(Source data Opens)

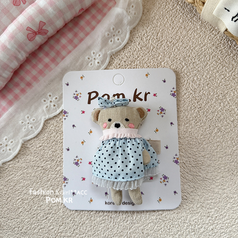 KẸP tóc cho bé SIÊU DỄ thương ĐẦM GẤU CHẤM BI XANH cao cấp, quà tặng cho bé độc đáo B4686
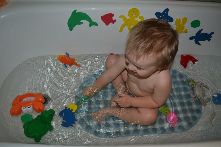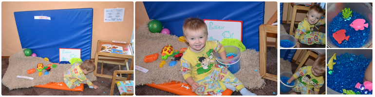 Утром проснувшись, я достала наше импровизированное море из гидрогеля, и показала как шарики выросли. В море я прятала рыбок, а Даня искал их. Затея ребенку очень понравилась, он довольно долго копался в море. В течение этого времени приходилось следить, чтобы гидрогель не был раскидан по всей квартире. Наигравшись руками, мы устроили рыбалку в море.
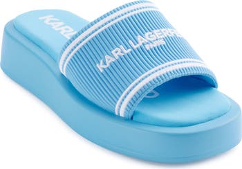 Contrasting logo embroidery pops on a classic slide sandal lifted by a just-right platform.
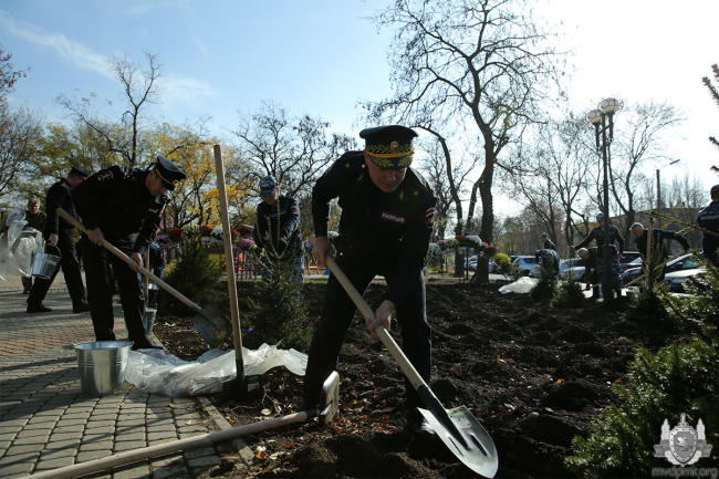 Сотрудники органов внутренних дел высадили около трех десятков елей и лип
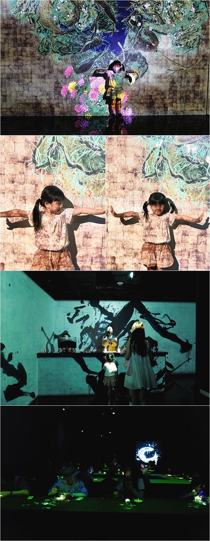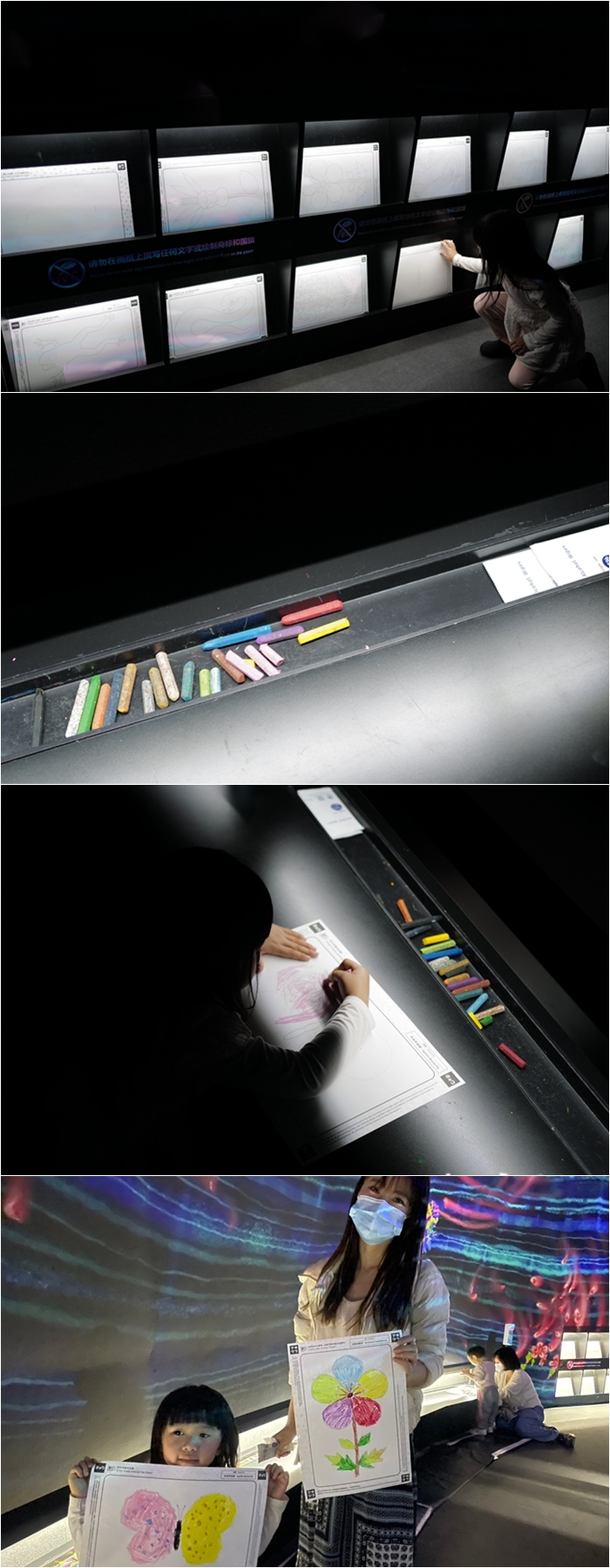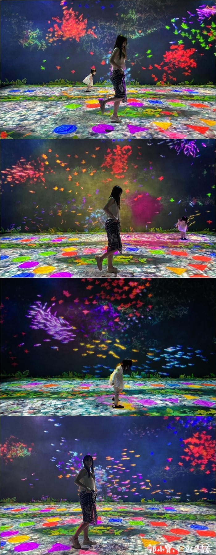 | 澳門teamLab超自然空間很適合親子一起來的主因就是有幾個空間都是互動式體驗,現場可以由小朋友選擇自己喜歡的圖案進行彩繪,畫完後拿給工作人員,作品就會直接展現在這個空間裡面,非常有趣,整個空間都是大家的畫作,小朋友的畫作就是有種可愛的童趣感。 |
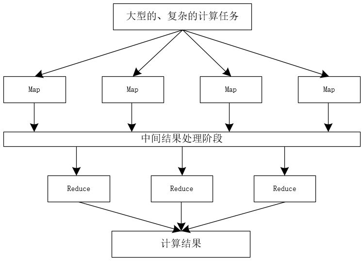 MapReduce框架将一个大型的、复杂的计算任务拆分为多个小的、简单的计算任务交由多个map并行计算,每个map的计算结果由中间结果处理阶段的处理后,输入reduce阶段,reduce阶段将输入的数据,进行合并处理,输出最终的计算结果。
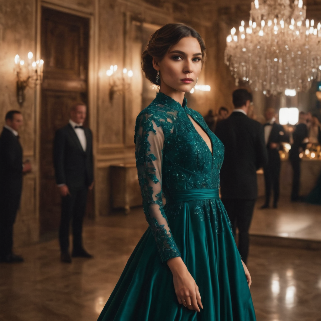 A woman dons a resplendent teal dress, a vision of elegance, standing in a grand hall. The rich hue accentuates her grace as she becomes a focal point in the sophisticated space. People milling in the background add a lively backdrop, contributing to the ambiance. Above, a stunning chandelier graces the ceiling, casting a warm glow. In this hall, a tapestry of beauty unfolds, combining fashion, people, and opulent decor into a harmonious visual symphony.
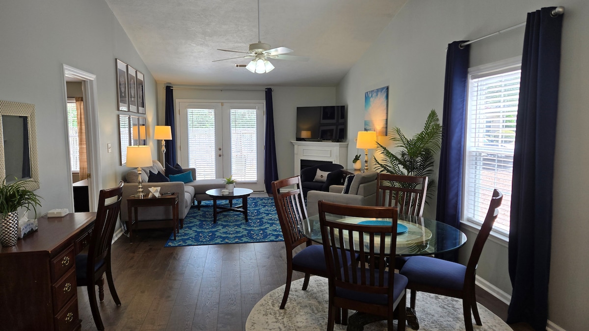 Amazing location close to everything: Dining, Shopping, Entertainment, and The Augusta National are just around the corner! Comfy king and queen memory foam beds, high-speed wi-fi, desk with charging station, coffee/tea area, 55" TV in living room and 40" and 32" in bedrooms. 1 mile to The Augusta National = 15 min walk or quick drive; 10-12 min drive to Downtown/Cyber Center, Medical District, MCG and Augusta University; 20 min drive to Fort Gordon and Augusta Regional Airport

(Source data Closes)

Nothing but the lines from the line containing "A woman dons" through the last line of the records above should be written out, exactly and without the pictures.

 A woman dons a resplendent teal dress, a vision of elegance, standing in a grand hall. The rich hue accentuates her grace as she becomes a focal point in the sophisticated space. People milling in the background add a lively backdrop, contributing to the ambiance. Above, a stunning chandelier graces the ceiling, casting a warm glow. In this hall, a tapestry of beauty unfolds, combining fashion, people, and opulent decor into a harmonious visual symphony.
 Amazing location close to everything: Dining, Shopping, Entertainment, and The Augusta National are just around the corner! Comfy king and queen memory foam beds, high-speed wi-fi, desk with charging station, coffee/tea area, 55" TV in living room and 40" and 32" in bedrooms. 1 mile to The Augusta National = 15 min walk or quick drive; 10-12 min drive to Downtown/Cyber Center, Medical District, MCG and Augusta University; 20 min drive to Fort Gordon and Augusta Regional Airport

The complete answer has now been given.